そうなりたいと願い、そうなれないと悩んでいるのか。

そのぼんやりとした「人間像」を丁寧に探り、具体的に思い浮かべていくと、

実はそんな人間なんて、ほとんどいないんじゃないか、と思えたり、

「基準」だと思えている人々が、それはそれで大変そうだと、気づいたりしないだろうか。

たまたま自分は今まで経験したことがないから、それがいいように思える、

うらやましいと思えるだけってことは、ないのだろうか。

本当にみんな、うまくいってるのかな、そんなに。

今は、自分が落ち込んでいるから、ただ単純に、余計にそう見えるだけじゃないかな。

実は自分も、本当はそこまでひどい状態ではなく、今、そういう気持ちになってるから、

たまたま、出口が見えないだけなんじゃないかな。

この落ち込みからほんの少しでも立ち直れれば、別の捉え方、できないかな。

今は無理でも、将来にわたって、一生、絶対に、必ず、できないのかな。

せっかく悩める環境にはあるのだから、自分が何を考えて「世間」や「人」という輪郭を

捉えているのかを、丁寧に、静かな気持ちで考えてみるのも、ひとつの方法ではないかと思う。
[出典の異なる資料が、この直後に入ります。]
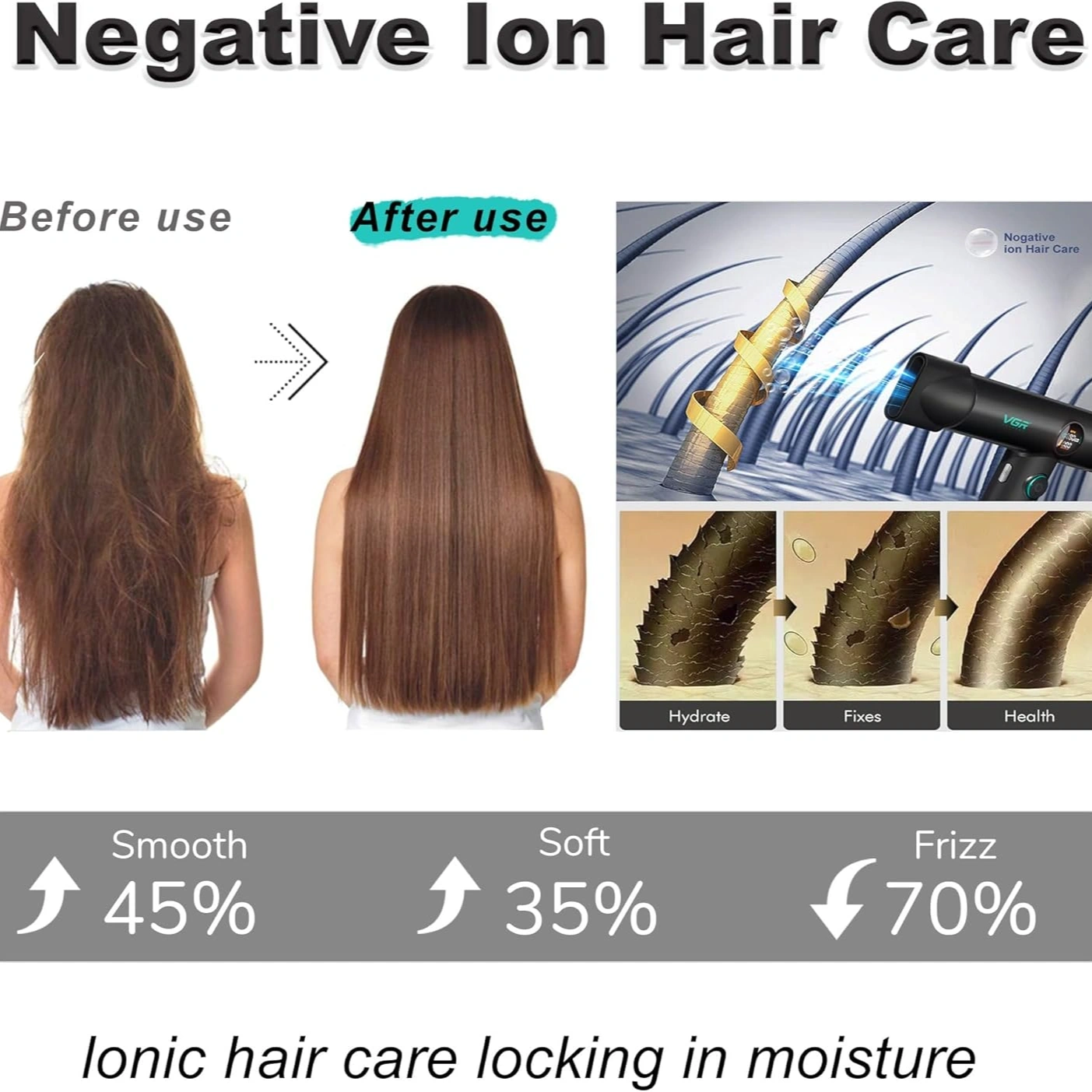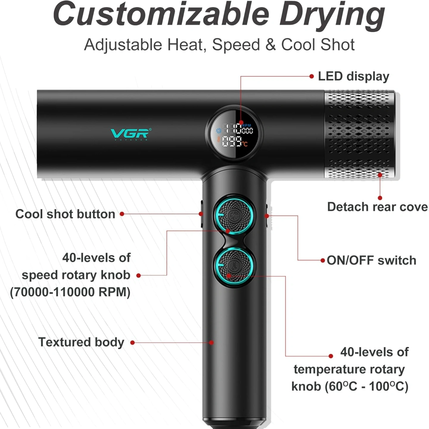The VGR V-401 Professional Hair Dryer is a powerful styling tool, perfect for salons and men’s use. With its innovative BLDC motor running at up to 110,000 RPM, it delivers rapid drying and superior styling. The 40-speed and 40-temperature settings let you customize your drying experience, ensuring optimal results every time. The Cool Shot feature locks in your style, while the intelligent LED display offers clear feedback. Designed for convenience, it includes a detachable rear cover for easy cleaning and maintenance. Whether you need to add volume, smooth your hair, or define curls, this dryer has you covered.

これは、先日書いていたメガネの、自分への使い方の例でもある。

ほかにも今後、諸々の捜索が終われば始まるであろう、東北での復興。

その人々の思い、その様子。

くらしというもの、絆というもの、他者という存在、自分という存在、生きるということ。

そのなかで、さまざまに現れてくるであろう「本当に大切」なもの。

そんなことも、何かに気づくきっかけになり得るかもしれない。

自分で「ちょっとやってみるか」とさえ思えれば、

視点変換・客観視メガネを使うきっかけは、たぶんこれから、いくらでも現れてくるのだろうと思う。